Can an information-technology department cut its annual spending by 30% and still remain effective? Hewlett-Packard is on track to do that under a five-year business transformation plan that calls for cutting information-technology costs from $3.04 billion in 2003 to $2.11 billion in 2008.
HP offers a case study for tech managers on how to consolidate operations. I have learned of at least seven places where the $98.5 billion company, which makes PCs, servers and printers and offers consulting services, plans to transform its business.
Consolidate data centers. Over five years, HP plans to cut the number of data centers from 85 global locations to six super-centers, in three U.S. sites. Plans call for a tightly coupled grid-like structure to connect the six data centers for redundancy and fail-over backup. Consolidation has made it possible to eliminate underutilized computer capacity and to create a shared arrangement, including virtualization, for computing and file sharing. In achieving this goal, I understand that HP plans to reduce the number of servers from 19,000 to 10,000 while increasing processing capacity. HP spokesman Michael Moeller, in a voice message, said the number of servers will go from 22,000 to 14,000. He confirmed other—but not all—plan highlights.

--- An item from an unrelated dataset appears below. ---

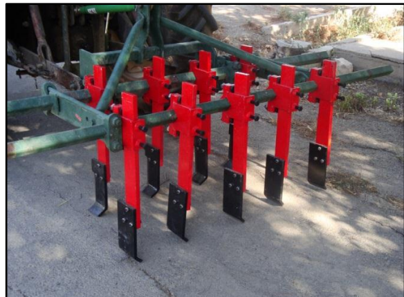
شکل ۱- شیاربازن کج‌ساق

Simplify applications. HP plans to go from 5,000 to fewer than 1,500 applications, including moving to five procurement systems instead of 84. HP uses a “portfolio prioritization” process in which low-value legacy systems are starved for maintenance funds and then forced into liquidation. It also looks at overlap in source code and then combines applications based on commonality. For instance, it found that 79% of the source code in order management applications in procurement overlapped—and the applications were among those consolidated.
Reduce development sites. HP is going from 100 to 29 technology centers to develop and maintain internal software code. Previously, having that many work sites required more administrators and subcontractors, resulted in less code uniformity, and limited collaboration.
Shrink the workforce. Cutting back the number of applications and reducing the number of development sites make it possible to cut the I.T. workforce. HP is on track to achieve its goal of trimming the number of I.T. employees from 19,000 to 8,000. The company is also cutting the number of subcontractors by 7,000. HP expects to cut the effort devoted to program maintenance from 80% to 20% of total software spending over five years.
Implement an enterprise data warehouse. The crowning achievement will be the creation of a 400-terabyte enterprise warehouse to accumulate data from all applications. Enterprise warehouses that aggregate data across diverse functions—such as finance and logistics—are rare and difficult to implement. That’s because warehouses are usually functional, not cross-functional. HP is taking steps to ensure that data maps into a universally accessible format and is entered only once. The benefits? HP will eliminate 17 diverse database technologies, collapse 14,000 databases and reduce the number of software upgrades needed for separate databases.
Embrace service-oriented architecture. The HP architecture can be characterized by the separation of the supporting delivery infrastructure—processing, data storage and communications—from the applications and the user-managed portal. This design is an example of service-oriented architecture (SOA), where components of the infrastructure can be swapped for new technologies independent of applications. Through the portal, HP staff will be able to submit queries and request reports, without requiring changes to the underlying databases.
Reap the reward. The HP effort is driven by savings from the “upstream” supply chain—the streamlining of the management of inbound materials such as parts and subassemblies. Hard savings in reduced inventory, elimination of obsolete components, and other areas total $1.5 billion for 2004, and $1.4 billion for 2005. The company has also realized improvements such as the percentage of projects delivered on time—which has gone from 81% in 2004 to 95% at present—and value-added per I.T. employee, a ratio of cost reductions per employee versus the cost per employee, from $150,000 in 2004 to $350,000 at present.
Although HP has another two years before its plan is fully implemented, the effort shows what can be achieved by pursuing a broadly conceived approach to I.T. reorganization that simultaneously engages hardware, software and network communications.